El transeúnte se giró hacia él y se sobresaltó al ver que no tenía rostro, en lugar de eso tenía una sombra negra en forma de espiral. Le espantó la imagen y cruzó la calle. Una vez en la otra acera preguntó a otro.
—Perdone…
Tampoco tenía rostro, y este había avanzado varios pasos hacia él; esta vez escapó corriendo.
Llegó a una parada de autobús donde había varias personas, entre ellas la que pensó que era una dulce abuelita, de espaldas. Tocó su hombro y la anciana se giró. Ni siquiera le dio tiempo a preguntar, se marchó corriendo de nuevo. Allí nadie tenía rostro, estaba atrapado en el mundo de las sombras.
Corrió y corrió hasta llegar a un gran parque con un lago en medio donde nadaban tranquilos los patos. Le pareció un buen lugar para esconderse entre los arbustos.
—Dios mío, ¿qué me está pasando? ¿Dónde estoy? Me encuentro atrapado.
Entonces apareció: el único hombre con rostro de la ciudad, su inquilino. Portaba ropas andrajosas sobre su cuerpo encorvado y llevaba un cartón de vino en la mano izquierda, parecía un mendigo.
—¡Ah! Y ahora tú. ¿Qué haces aquí? ¿Qué buscas?
—Yo no busco, eres tú quién buscas. Vengo a enseñarte el templo.
—¡No! ¡No! ¡Tú no!
Se levantó de entre los arbustos y se puso a correr de nuevo hasta que despertó. Las seis y media: hora del café.
El inquilino como siempre en el sofá.
—Hora de la mariguana, amigo.
—¡Pero si dijiste que no fumarías más!
—Lo sé, lo sé. Digo muchas cosas. He intentado no hacerlo, ya ves qué horas son, pero no puedo evitarlo por más tiempo, lo necesito. Hoy es el último día, te lo prometo.
J. se ponía la misma ropa encima del pijama y bajaba a la calle en busca de su amigo Will, el colombiano que le proporcionaba el sedante verde. En unos diez minutos llegó a la puerta de su casa. Timbró varias veces y nada, Will no contestaba. Lo llamó por teléfono:
Este es el contestador automático de…
—Mierda —se dijo—, ¿a dónde coño voy ahora? —Richard, segunda opción; tenía que coger el metro un par de paradas.
Entró al subterráneo y pegó un salto en la valla de acceso, luego bajó y esperó en el andén.
—Lo que tiene que hacer uno para alimentar a semejante imbécil —pensaba…
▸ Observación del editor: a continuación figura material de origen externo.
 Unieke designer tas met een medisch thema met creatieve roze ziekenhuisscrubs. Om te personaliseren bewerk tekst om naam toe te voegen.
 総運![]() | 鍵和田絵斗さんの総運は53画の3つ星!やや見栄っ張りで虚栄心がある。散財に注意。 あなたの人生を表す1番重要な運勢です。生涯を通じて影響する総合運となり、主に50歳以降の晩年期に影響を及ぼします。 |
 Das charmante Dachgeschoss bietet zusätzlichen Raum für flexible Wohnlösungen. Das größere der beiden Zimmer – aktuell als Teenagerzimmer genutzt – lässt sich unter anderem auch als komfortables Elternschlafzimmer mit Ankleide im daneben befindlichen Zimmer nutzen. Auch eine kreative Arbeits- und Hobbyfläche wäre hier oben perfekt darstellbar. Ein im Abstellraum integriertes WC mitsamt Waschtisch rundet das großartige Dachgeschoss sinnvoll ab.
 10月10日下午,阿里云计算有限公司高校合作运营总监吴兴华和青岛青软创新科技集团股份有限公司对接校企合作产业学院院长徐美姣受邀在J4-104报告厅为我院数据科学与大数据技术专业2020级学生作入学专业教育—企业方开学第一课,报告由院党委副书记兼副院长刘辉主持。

Ya en casa, el inquilino fumaba a pulmón estirado en el sofá: cogollos de un gramo en cada porro. Al exhalar el humo creaba nubes en el techo del salón. J. contemplaba la escena sin dar crédito.
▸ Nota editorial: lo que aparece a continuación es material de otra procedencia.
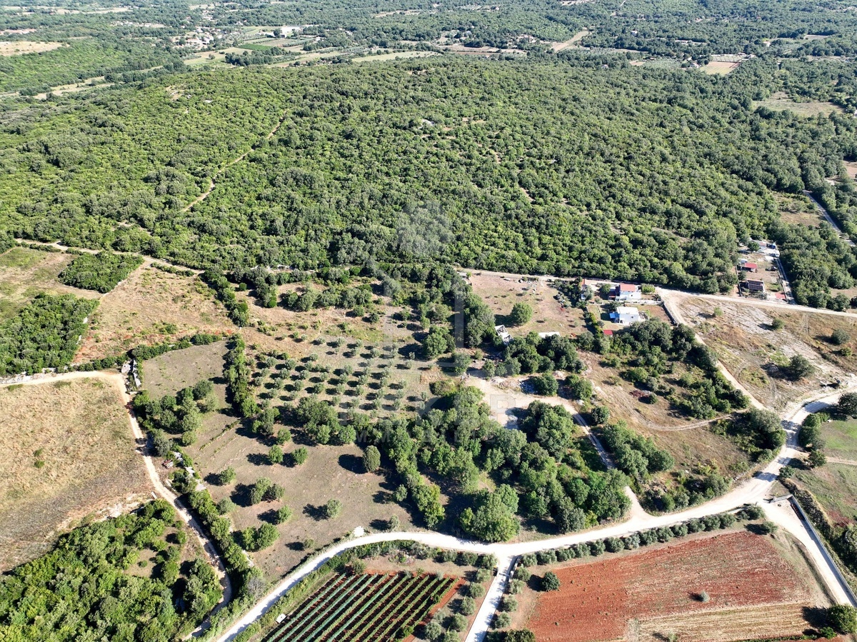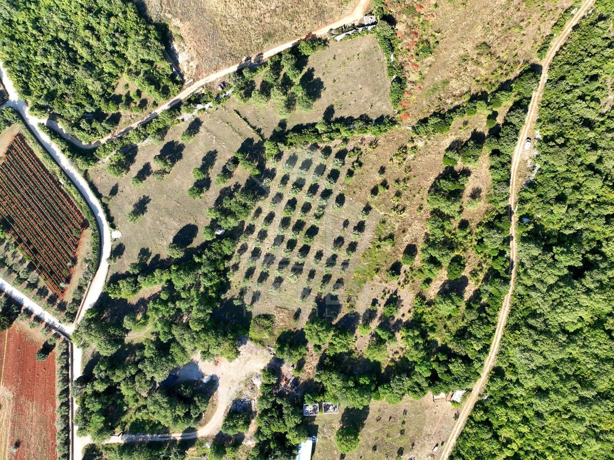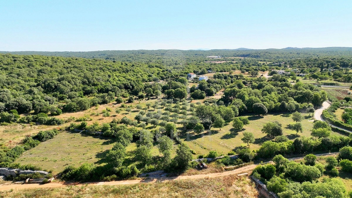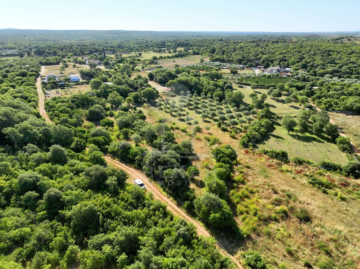 Südlich von Rovinj, nur 2,4 km vom Meer entfernt, erstreckt sich ein großzügiges Grundstück mit rund 19.500 m² Fläche. Die Umgebung ist ruhig, ländlich und von sanften Hügeln geprägt. Von hier aus reicht der Blick über die grüne Landschaft bis hin zum Meer. Etwa 60 Olivenbäume wachsen auf dem Gelände, umgeben von Wiesen und naturbelassenem Buschland. Zwei Schotterstraßen führen entlang der Nord- und Südseite und ermöglichen bequemen Zugang. Wasser ist angeschlossen, Strom verläuft an der Grundstücksgrenze.
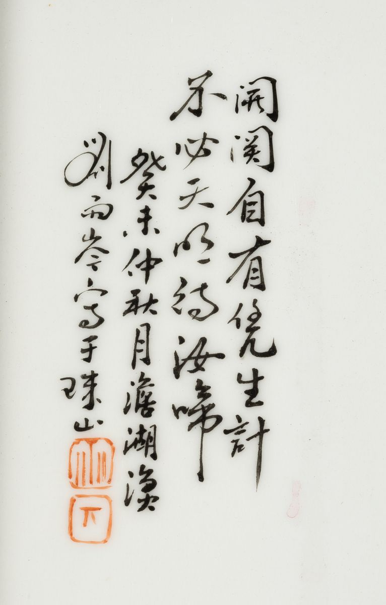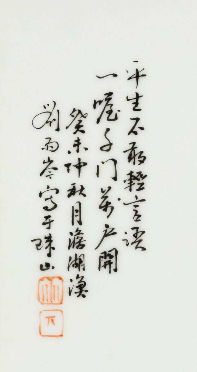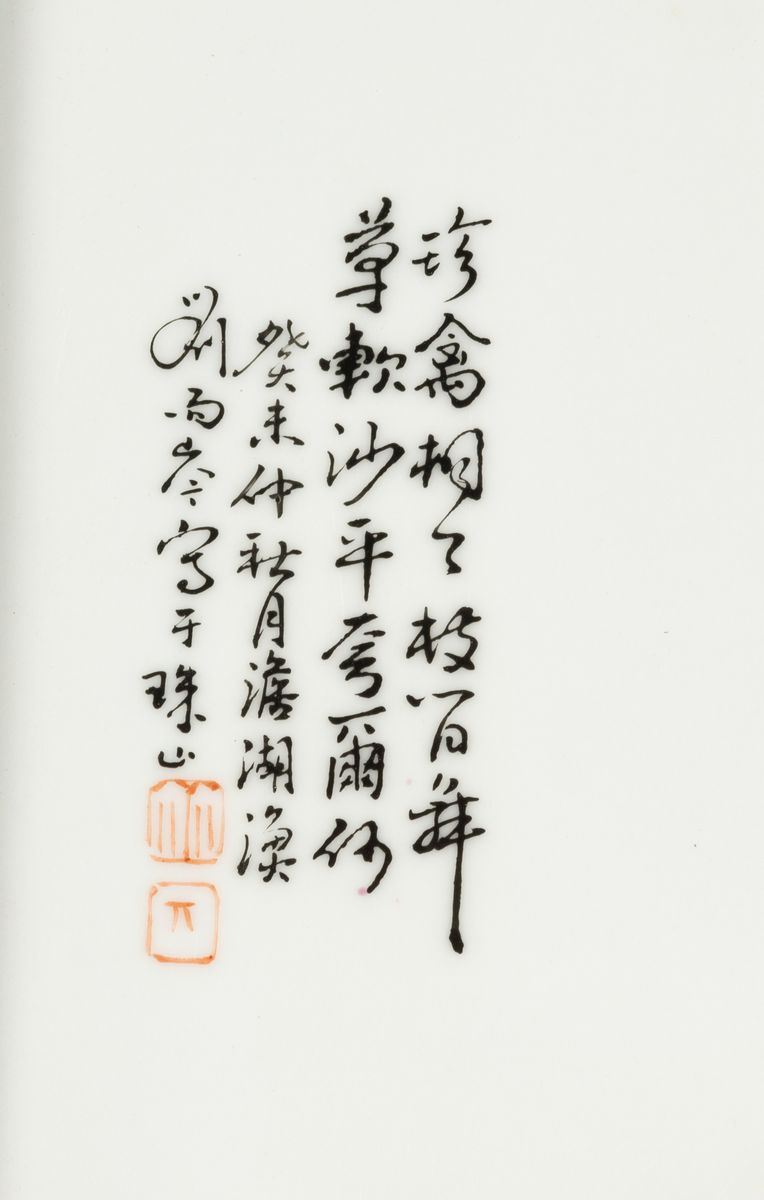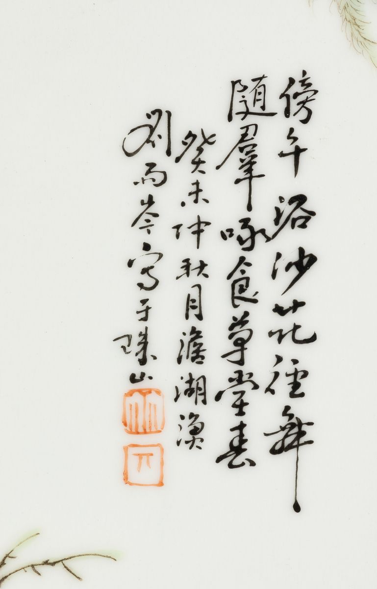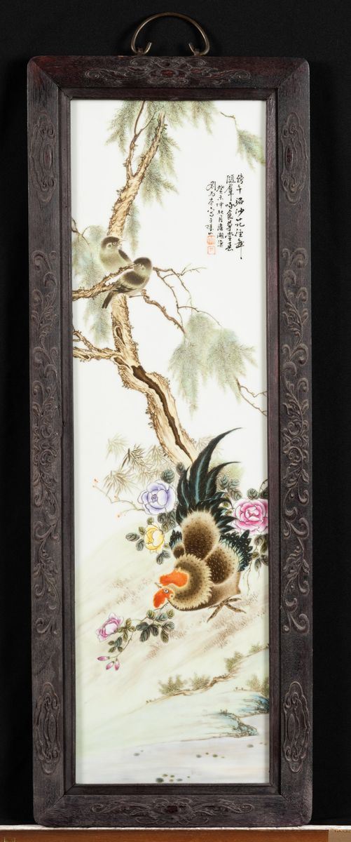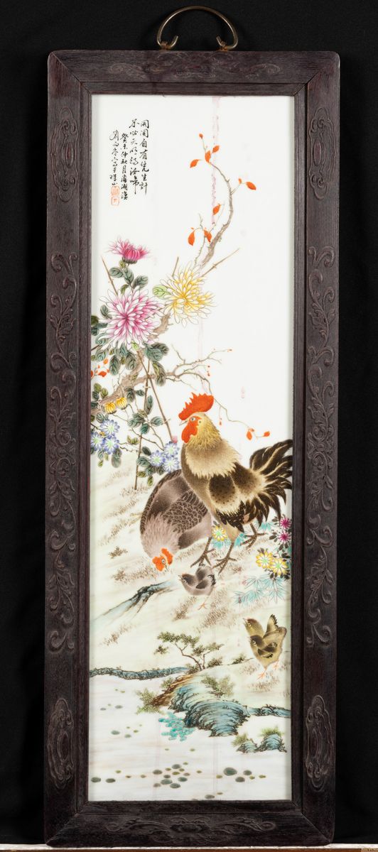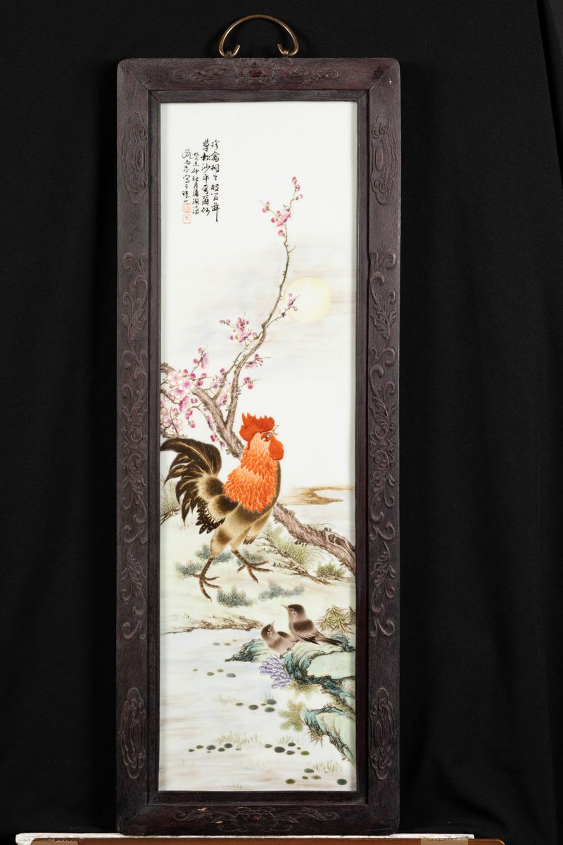 Polychrome enamels with roosters and inscriptions. 82.5x30cm

—¿Era esto lo que tanto necesitabas?
—Mierda, sí. No sabes lo bien que sienta.
—Y mañana querrás más.
—No, no, mañana no. Hoy me hincho y mañana me levantaré aturdido y sin ganas de nada. Será el momento de dejarlo, descuida.
—¿Te caliento los canelones?
—Por favor.
J. no se creía una palabra de lo que aquel parásito decía, le había engañado tantas veces que había perdido la confianza en él. En él y en el ser humano en general.
La hora de la cena era diferente a la comida, los dos estaban agotados de haber vivido un día más. Había más distancia entre ellos, más distancia hasta el plato, más distancia hasta el tenedor; todo era más caótico y tenía menos sentido. Las sombras de la noche les hacían confundir la realidad con la ficción, y eso era lo único bueno de la cena.
—Deberíamos matar a tu jefe, ese tipo no me cae bien —sugirió el inquilino.
—A mí tampoco, pero acabaríamos en la cárcel.
Siguieron masticando. Entre el silencio solo se escuchaba el ruido de las mandíbulas chocando con la comida.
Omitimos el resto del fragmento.